Solution:	Check the logs on the remote site and identify why the receiving `syslog-ng` could not find the CA certificate that signed this certificate.

PEM routines:PEM_read_bio:no start line

Error message: testuser@thor-x1:~/cert_no_start_line/certs$ openssl x509 -in cert.pem -text unable to load certificate 140178126276248:error:0906D06C:PEM routines:PEM_read_bio:no start line:pem_lib.c:701:Expecting: TRUSTED CERTIFICATE

Description:

The error message is displayed when using Transport Layer Security (TLS). The syslog-ng application uses OpenSSL for TLS and this message indicates that the certificate contains characters that OpenSSL cannot process.

The error occurs when the certificate comes from Windows and you want to use it on a Linux-based computer. On Windows, the end of line (EOL) character is different (\r\n) compared to Linux (\n).

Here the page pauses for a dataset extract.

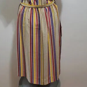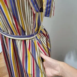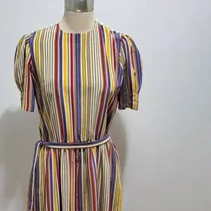 This colorful, striped, vintage Executive Dress by Albert Nipon is stunning! This pull-on dress boasts five mother-of-pearl button closures at each shoulder, an elastic waist, a matching fabric tie belt, and a silky polyester fabric. The dress is midi length with half sleeves, and...pockets!

To verify this, open the certificate in a text editor, for example, MCEdit. Notice the ^M characters as shown in the image below:

Solution:

On Windows, save the certificate using UTF-8, for example, using Notepad++.

Windows Notepad is not able to save the file in normal UTF-8, even if you select it.
1. In Notepad++, from the menu, selectEncoding.
2. Change the value fromUTF-8-BOMtoUTF-8.
3. Save.
On Linux, run dos2unix cert.pem. This will convert the file to a Linux-compatible style.

Alternatively, replace the EOL characters in the file manually.

9 - SELinux prevents using the execmem access on a process

If you are using a recent enough PCRE library, AxoSyslog will automatically use the JIT of the regexp engine, which will result in a similar error:

   setroubleshoot [21631 ] : SELinux is preventing <syslog-ng path> from using the execmem access on a process. (...)
    
    python [21631 ] : SELinux is preventing <syslog-ng path> from using the execmem access on a process.

To resolve this issue, switch off the PCRE JIT compile function by using the disable-jit flags() option in the given filter or rewrite rule of your configuration.